* _DIRECTIONS_: Your task is to restate the listing word for word without the pictures.

* _EXERCISE DATA_:
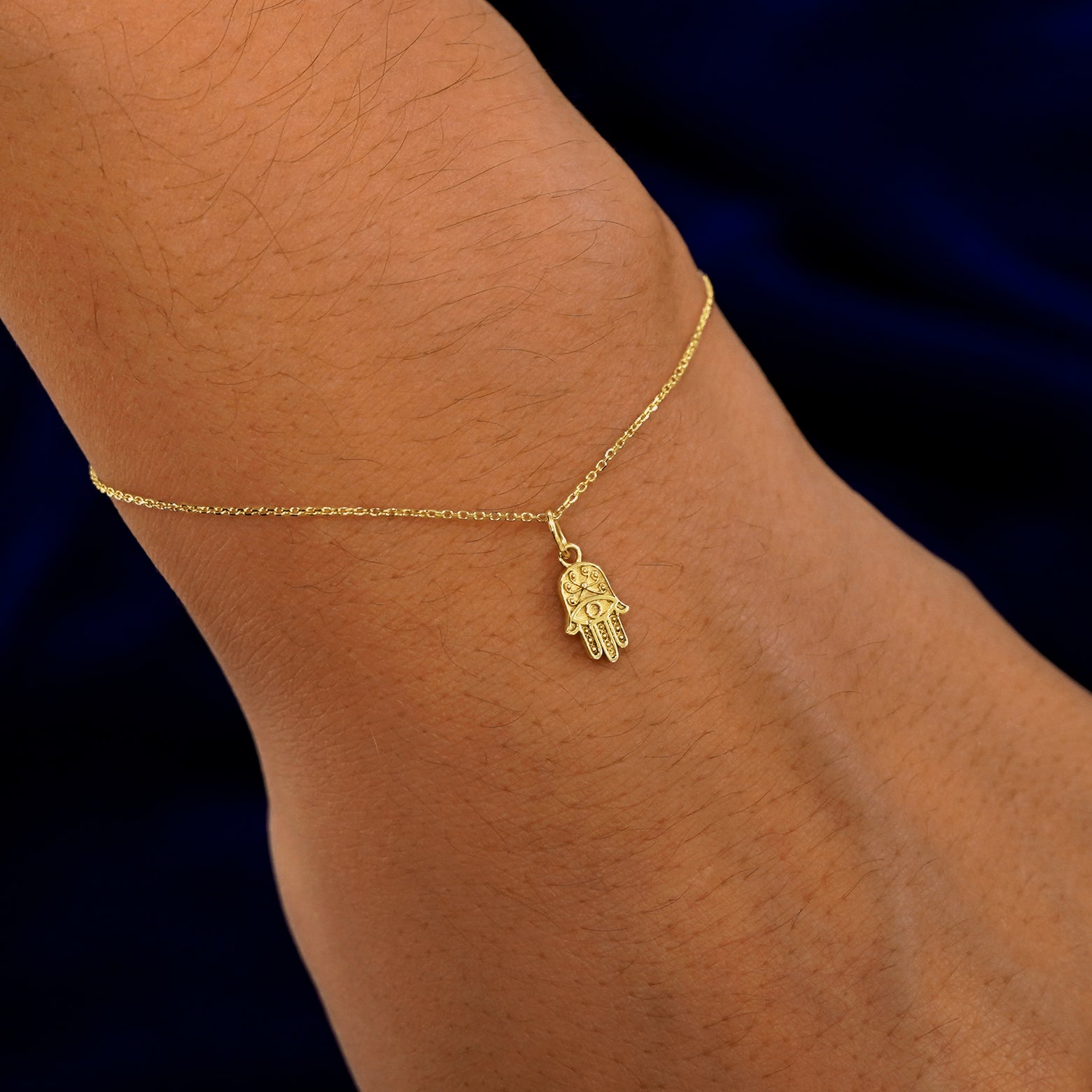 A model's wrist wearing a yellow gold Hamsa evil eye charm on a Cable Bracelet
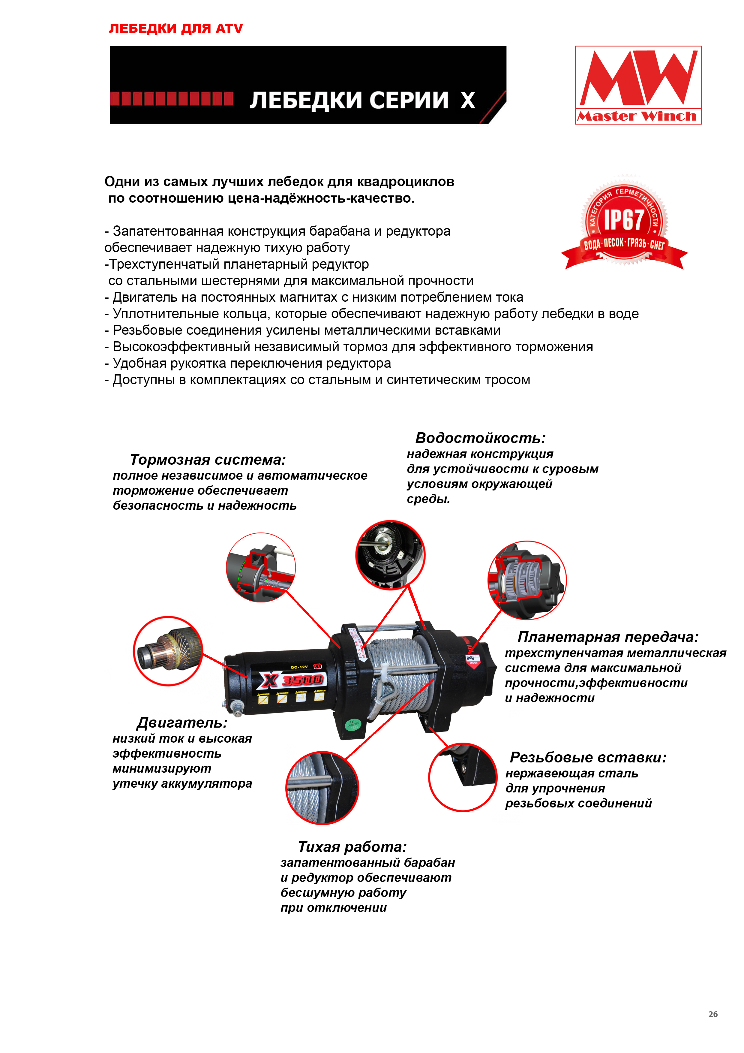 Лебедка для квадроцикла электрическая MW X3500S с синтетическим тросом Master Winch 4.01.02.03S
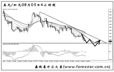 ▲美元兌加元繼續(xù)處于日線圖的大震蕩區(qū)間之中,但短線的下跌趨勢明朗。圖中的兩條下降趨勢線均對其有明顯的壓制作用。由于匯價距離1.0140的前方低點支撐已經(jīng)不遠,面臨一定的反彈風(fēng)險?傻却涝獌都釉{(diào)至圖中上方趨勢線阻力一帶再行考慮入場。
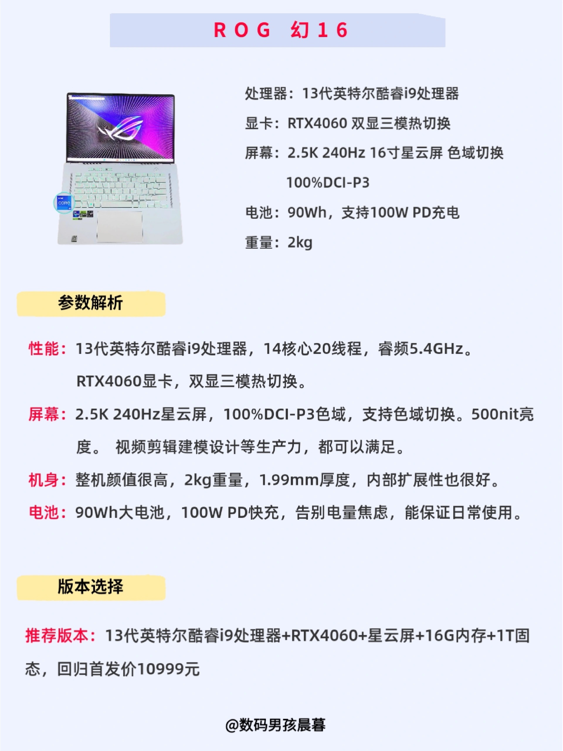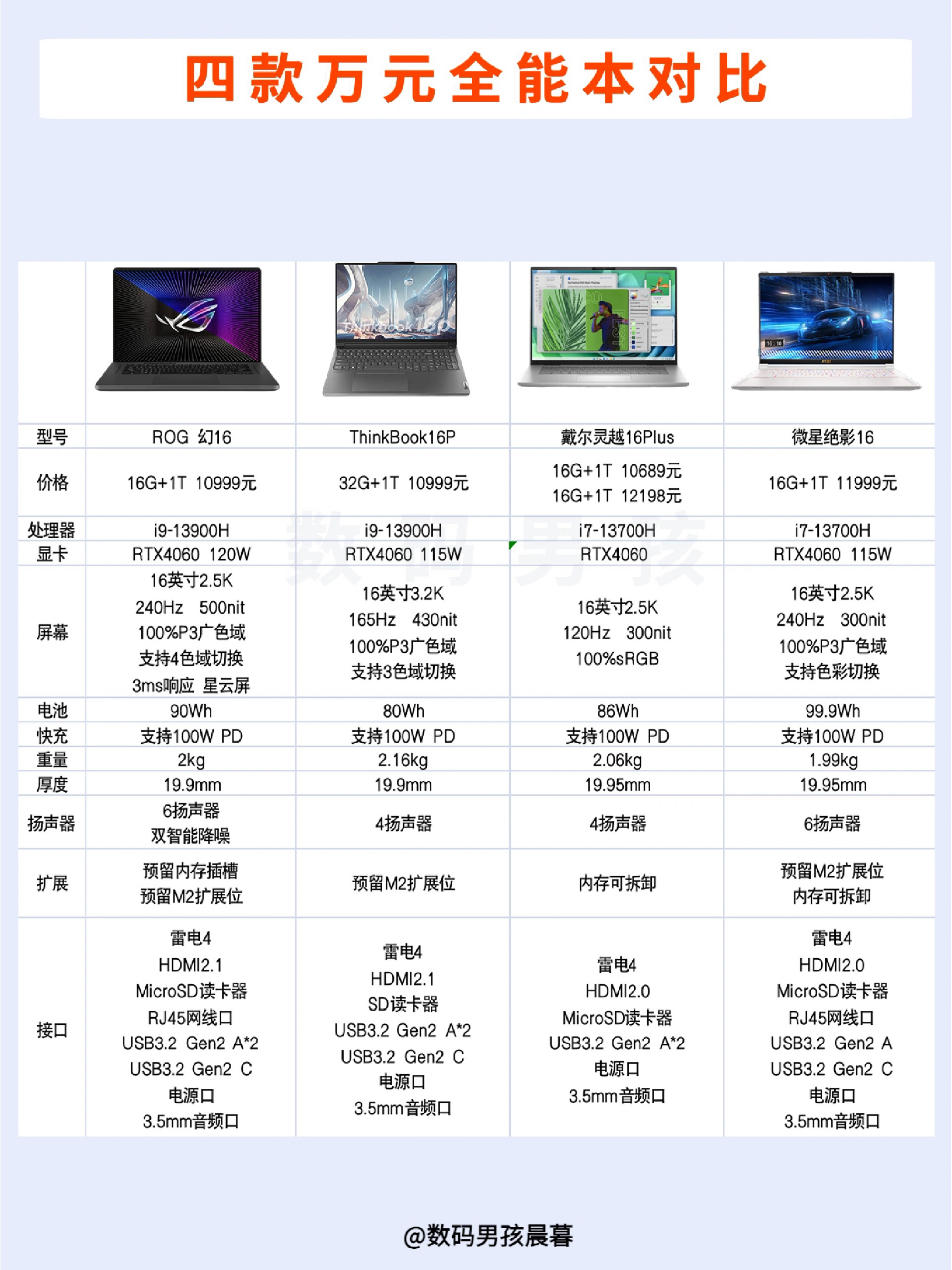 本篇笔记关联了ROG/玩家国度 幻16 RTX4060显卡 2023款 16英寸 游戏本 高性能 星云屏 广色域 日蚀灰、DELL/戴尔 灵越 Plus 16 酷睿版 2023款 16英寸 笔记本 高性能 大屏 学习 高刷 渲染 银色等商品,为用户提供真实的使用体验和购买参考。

* _ANSWER TO THE EXERCISE_:
 A model's wrist wearing a yellow gold Hamsa evil eye charm on a Cable Bracelet
 Лебедка для квадроцикла электрическая MW X3500S с синтетическим тросом Master Winch 4.01.02.03S
 ▲美元兌加元繼續(xù)處于日線圖的大震蕩區(qū)間之中,但短線的下跌趨勢明朗。圖中的兩條下降趨勢線均對其有明顯的壓制作用。由于匯價距離1.0140的前方低點支撐已經(jīng)不遠,面臨一定的反彈風(fēng)險?傻却涝獌都釉{(diào)至圖中上方趨勢線阻力一帶再行考慮入場。
 本篇笔记关联了ROG/玩家国度 幻16 RTX4060显卡 2023款 16英寸 游戏本 高性能 星云屏 广色域 日蚀灰、DELL/戴尔 灵越 Plus 16 酷睿版 2023款 16英寸 笔记本 高性能 大屏 学习 高刷 渲染 银色等商品,为用户提供真实的使用体验和购买参考。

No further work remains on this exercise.